И тут пошел перечень каких-то монастырей и приютов, из которого Лялик ровно ничего не запомнил, как и из непонятного начала. А потом папа сложил бумагу, спрятал ее обратно в конверт и молча забарабанил по столу пальцами. Значит, все. Про шкатулку ничего не было.

Телеграфист презрительно усмехнулся и первый вышел из кабинета, — одним плечом вперед и шаркая ногами по полу. Лялик спрыгнул с дивана и незаметно выскользнул за ним следом.

В детской Лялика догнала тетя Женя с коробкой конфект в руках. Сама сосала карамельку и звонко причмокивала, — и вид у нее был самый обыкновенный, как будто не существовало никогда ни бабушки, ни серебряного гроба, ни завещания.

Лялик занял место на стуле против тети Жени, сложил руки и задумался. Молча вынул карамельку из предложенной коробки, молча развернул бумажку и молча отправил сладкий леденец в рот. Потом спросил:

— Тетя Женя, ты что получила из завещания?

— Ничего.

— Совсем ничего?

— Совсем. А тебя это беспокоит?

Лялик уловил иронию, но был слишком деловито настроен для того, чтобы обидеться.

— Ты знаешь бабушкину шкатулку? Она мне очень нравится.

— Попроси тетю Катю. Теперь это ее шкатулка. Может быть, отдаст.

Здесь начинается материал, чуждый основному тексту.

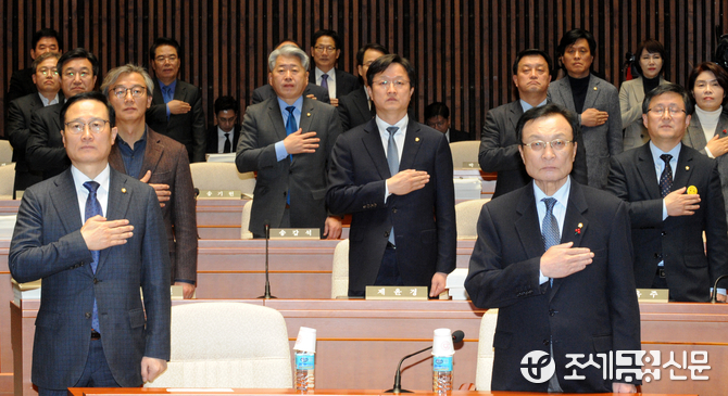 (조세금융신문=김용진 기자)이해찬 더불어민주당 대표가와 홍영표 원내대표, 의원들이 21일 오후 국회에서 열린 정책의원총회에서 국민의례를 하고 있다
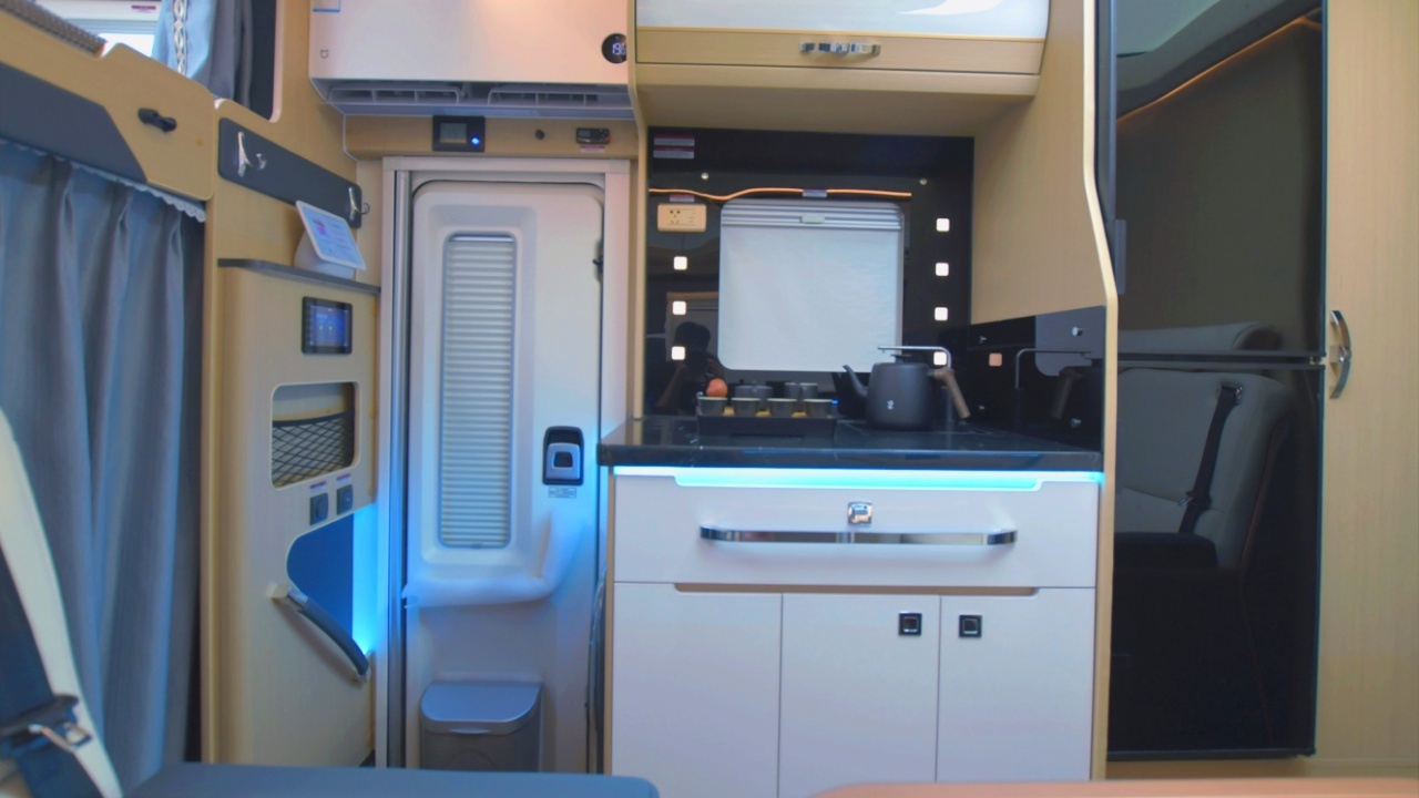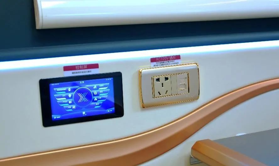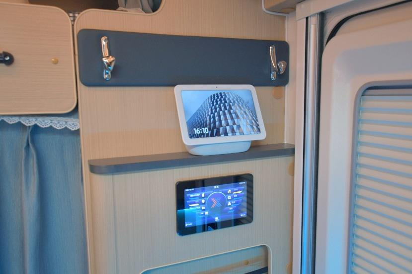 车内搭载全套小米智能家居,其中触屏版AI小爱音响位于主门内侧,带有语音智能控制功能,让生活更便利,旅居更舒心;下方是车内集成电器控制面板,可实时监测、控制车内水电;

— Ммм… Нет. Я лучше папу попрошу.

— Ну как хочешь… Бери еще карамельку. Вот эту, на которой рак нарисован. Очень вкусная, с шоколадной начинкой.

— А можно две?

— Можно. Только маме на глаза не попадайся.

— Нет, я потихоньку…

Для обыденного времени, когда не умирала бабушка и не стояла в прихожей гробовая крышка, Лялик давно уже выработал постоянный ритуал обращения к папе. Сначала следовало подойти и просто приласкаться, без всяких просьб. Потом походить по комнатам и опять приласкаться и, если папа в хорошем настроении, издалека подготовить почву. Например, если нужна бумага, то можно рассказать, что Лялик умеет теперь рисовать дом в два этажа с трубами и с лестницей. А затем уже следовало забраться к папе на колени, обнять его за шею и тихонько попросить:

— Папочка, дай мне, пожалуйста, маленький листик бумаги.

Тогда папа шел к письменному столу и доставал бумагу, но не маленький листик, а целых два больших.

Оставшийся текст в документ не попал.